Streak for Stroke!

A few months ago I joined a couple Facebook groups for parents whose kiddos had a stroke. Which is weird sentence to write and even weirder to live. It was in these groups that I found out that May is Pediatric Stroke Awareness month. Which as a mom of a stroke survivor (they call them warriors), I'm really happy about. I'd love more research and treatment options! But I also worry that it's too much for people to add another sad thing to be aware of. I mean, it's a lot. Especially sad kids things. Plus I have this acute longing to be unaware of pediatric stroke. I told a co-worker recently May was Pediatric Stroke Awareness month and she said, "Huh. I didn't know it happened often enough to have it's own month." I wasn't surprised that she had never heard of it but I was surprised how jealous it made me to know significantly less than I do about pediatric stroke. And while more research on how to best treat a child who has had a stroke is needed, I can't say that I wish everyone knew about this. I think back to being pregnant and trying like hell to calm all the worries. Worries my kid would have Downs Syndrome, Autism, microcephaly, or tiny Gilly arms (a Kristin Wig's character from SNL). It feels mean to put another worry on a mama. And yet, this happened to me and it's happened to many parents out there and they are being really strong and brave for their kids by advocating for more awareness and funding. And despite all my mixed feelings, these parents are inspiring.

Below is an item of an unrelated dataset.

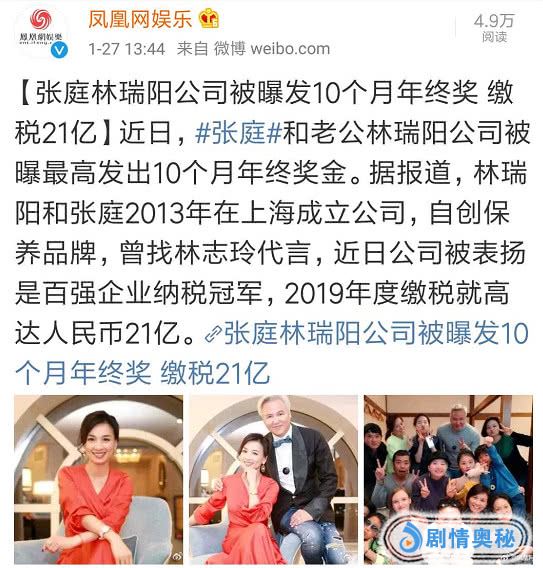 近日,张庭和林瑞阳名下的公司再次遭到质疑,原因是公司被曝仅2019年就已经缴税21亿,而且给员工发放的年终奖最高相当于10个月的薪酬。

So I was relieved when I saw one of the moms had organized an event called "Streak for Stroke" where folks could go and get a purple streak put in their hair (purple is the Pediatric Stroke Awareness color). While it was located in Idaho, people were encouraged to get a streak of purple in their hair where ever they lived. This felt like something I could do. And I realize I'm more than a little vain and shallow as my version of getting involved is doing something that also makes my hair look awesome. But honestly, I'm just so happy I found a way to participate!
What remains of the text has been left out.